Required work
Write out again, word for word, the lines below from the line that holds "Joli jardin paysagé, avec" through the line that holds "نماینده ولی فقیه", omitting pictures.

Dataset extract
== Segment start ==

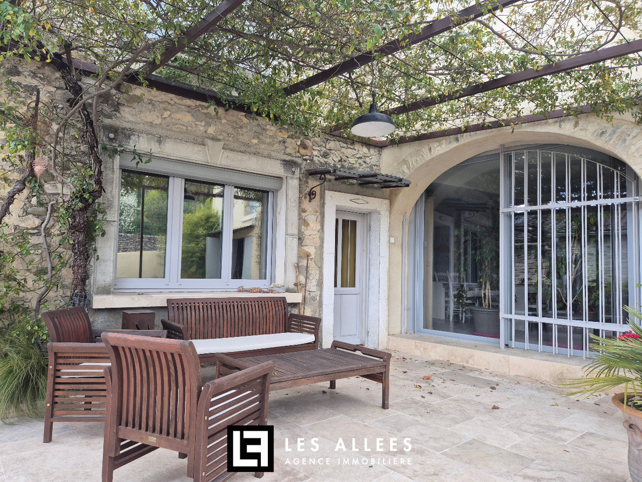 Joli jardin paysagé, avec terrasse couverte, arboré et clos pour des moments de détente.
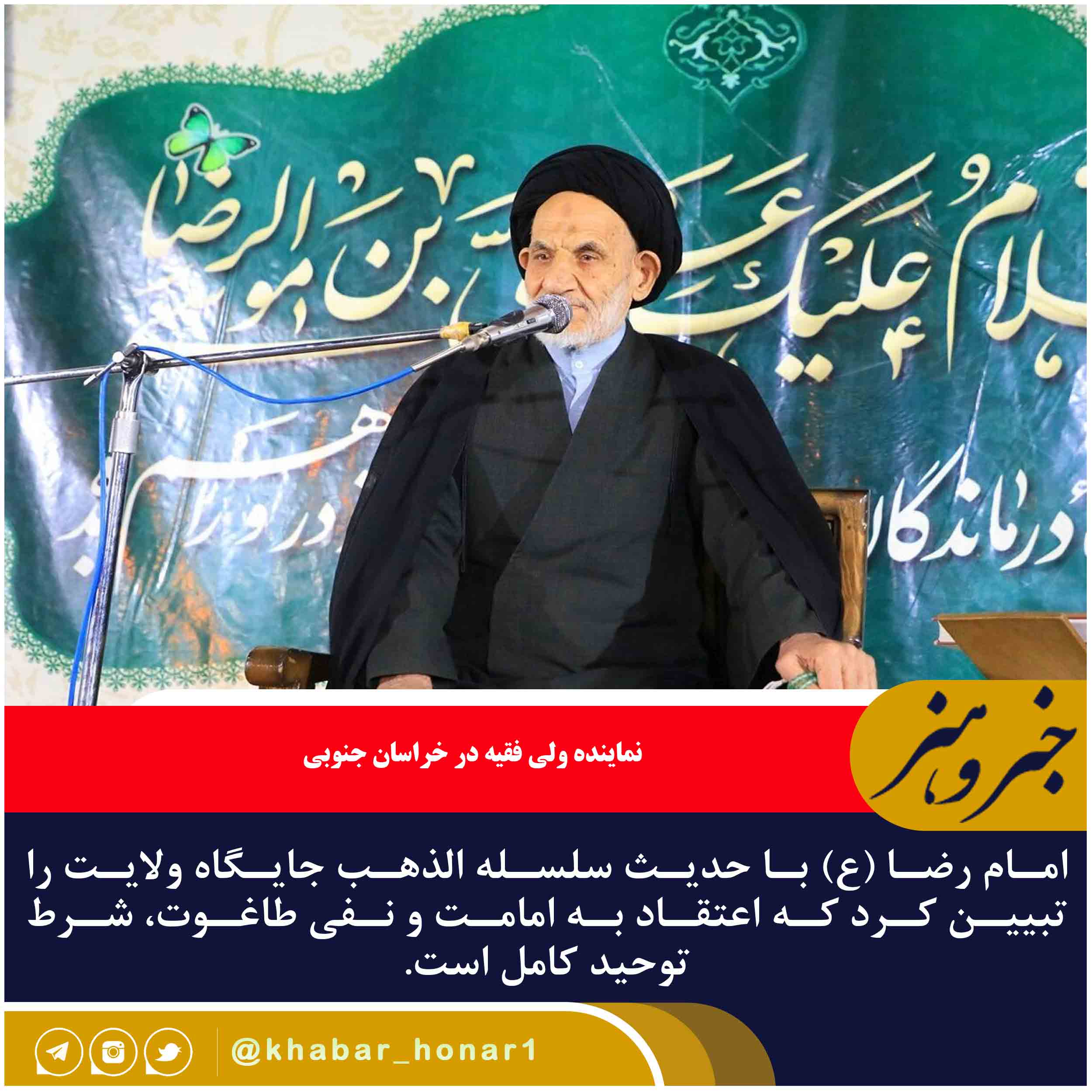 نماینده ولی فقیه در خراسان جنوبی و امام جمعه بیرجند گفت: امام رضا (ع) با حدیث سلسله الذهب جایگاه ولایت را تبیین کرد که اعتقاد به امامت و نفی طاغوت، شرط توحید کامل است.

== Segment end ==
== Segment start ==

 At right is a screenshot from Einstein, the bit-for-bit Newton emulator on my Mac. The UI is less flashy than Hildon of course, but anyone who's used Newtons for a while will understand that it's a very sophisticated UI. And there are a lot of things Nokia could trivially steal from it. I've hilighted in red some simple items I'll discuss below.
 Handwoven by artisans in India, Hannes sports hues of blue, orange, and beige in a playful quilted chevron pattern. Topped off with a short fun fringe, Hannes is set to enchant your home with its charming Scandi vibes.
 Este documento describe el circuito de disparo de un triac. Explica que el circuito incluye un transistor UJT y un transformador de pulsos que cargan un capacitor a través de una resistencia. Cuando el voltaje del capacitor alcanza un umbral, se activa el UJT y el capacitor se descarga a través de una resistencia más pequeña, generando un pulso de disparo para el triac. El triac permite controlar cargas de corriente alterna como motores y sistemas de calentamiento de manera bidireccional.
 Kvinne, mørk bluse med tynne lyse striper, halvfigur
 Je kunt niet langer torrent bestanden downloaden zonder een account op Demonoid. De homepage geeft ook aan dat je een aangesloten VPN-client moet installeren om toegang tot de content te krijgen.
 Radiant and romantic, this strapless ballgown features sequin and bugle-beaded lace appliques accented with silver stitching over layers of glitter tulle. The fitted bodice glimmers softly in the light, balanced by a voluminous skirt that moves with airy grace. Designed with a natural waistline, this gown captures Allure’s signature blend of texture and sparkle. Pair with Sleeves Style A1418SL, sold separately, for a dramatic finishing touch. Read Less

== Segment end ==

Task output
 Joli jardin paysagé, avec terrasse couverte, arboré et clos pour des moments de détente.
 نماینده ولی فقیه در خراسان جنوبی و امام جمعه بیرجند گفت: امام رضا (ع) با حدیث سلسله الذهب جایگاه ولایت را تبیین کرد که اعتقاد به امامت و نفی طاغوت، شرط توحید کامل است.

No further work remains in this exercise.